1. Introduction
In this tutorial, we’ll examine the details of LangChain, a framework for developing applications powered by language models. We’ll begin by gathering basic concepts around the language models that will help in this tutorial.
Although LangChain is primarily available in Python and JavaScript/TypeScript versions, there are options to use LangChain in Java. We’ll discuss the building blocks of LangChain as a framework and then proceed to experiment with them in Java.
2. Background
Before we go deeper into why we need a framework for building applications powered by language models, it’s imperative that we first understand what language models are. We’ll also cover some of the typical complexities encountered when working with language models.
2.1. Large Language Models
A language model is a probabilistic model of a natural language that can generate probabilities of a series of words.

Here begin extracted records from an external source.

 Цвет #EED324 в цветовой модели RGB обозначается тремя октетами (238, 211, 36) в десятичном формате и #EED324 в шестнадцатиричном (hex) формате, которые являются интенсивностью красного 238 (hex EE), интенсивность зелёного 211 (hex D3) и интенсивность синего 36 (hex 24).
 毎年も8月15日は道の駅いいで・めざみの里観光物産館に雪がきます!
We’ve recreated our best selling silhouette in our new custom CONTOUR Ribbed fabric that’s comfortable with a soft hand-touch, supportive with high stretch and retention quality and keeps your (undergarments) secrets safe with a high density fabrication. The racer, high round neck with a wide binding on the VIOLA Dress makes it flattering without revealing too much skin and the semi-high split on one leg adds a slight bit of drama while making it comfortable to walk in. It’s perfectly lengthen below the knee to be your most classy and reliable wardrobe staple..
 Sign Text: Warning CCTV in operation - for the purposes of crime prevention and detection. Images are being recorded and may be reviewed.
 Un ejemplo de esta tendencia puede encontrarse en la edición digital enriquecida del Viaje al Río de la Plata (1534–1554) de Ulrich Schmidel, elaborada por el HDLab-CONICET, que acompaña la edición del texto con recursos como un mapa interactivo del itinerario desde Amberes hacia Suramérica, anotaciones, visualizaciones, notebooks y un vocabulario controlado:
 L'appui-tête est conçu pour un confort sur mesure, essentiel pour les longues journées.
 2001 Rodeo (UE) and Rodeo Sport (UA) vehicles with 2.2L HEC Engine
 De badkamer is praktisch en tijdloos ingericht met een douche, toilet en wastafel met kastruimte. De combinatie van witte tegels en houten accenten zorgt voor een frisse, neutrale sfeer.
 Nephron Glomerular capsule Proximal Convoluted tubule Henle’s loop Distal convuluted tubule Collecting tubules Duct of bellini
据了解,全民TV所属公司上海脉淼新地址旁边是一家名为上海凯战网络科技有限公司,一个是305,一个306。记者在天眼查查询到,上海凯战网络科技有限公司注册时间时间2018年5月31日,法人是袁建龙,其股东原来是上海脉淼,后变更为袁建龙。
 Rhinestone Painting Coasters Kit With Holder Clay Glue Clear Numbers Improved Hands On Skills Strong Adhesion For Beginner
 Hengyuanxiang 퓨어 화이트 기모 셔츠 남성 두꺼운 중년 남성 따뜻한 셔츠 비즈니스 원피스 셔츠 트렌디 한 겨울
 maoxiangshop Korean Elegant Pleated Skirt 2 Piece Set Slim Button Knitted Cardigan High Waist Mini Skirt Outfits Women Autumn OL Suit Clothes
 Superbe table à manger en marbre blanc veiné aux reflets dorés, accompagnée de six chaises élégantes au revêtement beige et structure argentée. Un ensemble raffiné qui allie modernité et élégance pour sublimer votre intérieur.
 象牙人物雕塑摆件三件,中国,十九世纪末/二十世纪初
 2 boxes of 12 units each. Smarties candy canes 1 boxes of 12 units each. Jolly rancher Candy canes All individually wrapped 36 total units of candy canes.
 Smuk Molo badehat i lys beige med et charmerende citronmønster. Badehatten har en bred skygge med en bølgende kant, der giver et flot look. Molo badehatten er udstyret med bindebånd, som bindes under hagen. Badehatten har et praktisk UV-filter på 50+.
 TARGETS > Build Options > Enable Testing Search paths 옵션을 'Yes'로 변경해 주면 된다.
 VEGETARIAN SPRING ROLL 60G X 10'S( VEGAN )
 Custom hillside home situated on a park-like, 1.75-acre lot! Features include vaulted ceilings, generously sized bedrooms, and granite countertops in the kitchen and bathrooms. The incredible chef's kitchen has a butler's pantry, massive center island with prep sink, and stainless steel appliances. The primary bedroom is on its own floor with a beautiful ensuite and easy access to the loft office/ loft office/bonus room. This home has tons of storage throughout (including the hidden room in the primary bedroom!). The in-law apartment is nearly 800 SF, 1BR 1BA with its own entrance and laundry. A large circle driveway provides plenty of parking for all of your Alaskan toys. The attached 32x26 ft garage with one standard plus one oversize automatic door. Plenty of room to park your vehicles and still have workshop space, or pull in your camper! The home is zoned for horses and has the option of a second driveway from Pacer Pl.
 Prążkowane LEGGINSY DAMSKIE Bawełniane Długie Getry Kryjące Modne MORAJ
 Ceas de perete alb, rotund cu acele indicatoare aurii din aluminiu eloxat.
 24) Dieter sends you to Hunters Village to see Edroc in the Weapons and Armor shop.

A large language model (LLM) is a language model characterized by its large size. They’re artificial neural networks with possibly billions of parameters.
An LLM is often pre-trained on a vast amount of unlabeled data using self-supervised and semi-supervised learning techniques. Then, the pre-trained model is adapted for specific tasks using various techniques like fine-tuning and prompt engineering:
These LLMs are capable of performing several natural language processing tasks like language translation and content summarization. They’re also capable of generative tasks like content creation. Hence, they can be extremely valuable in applications like answering questions.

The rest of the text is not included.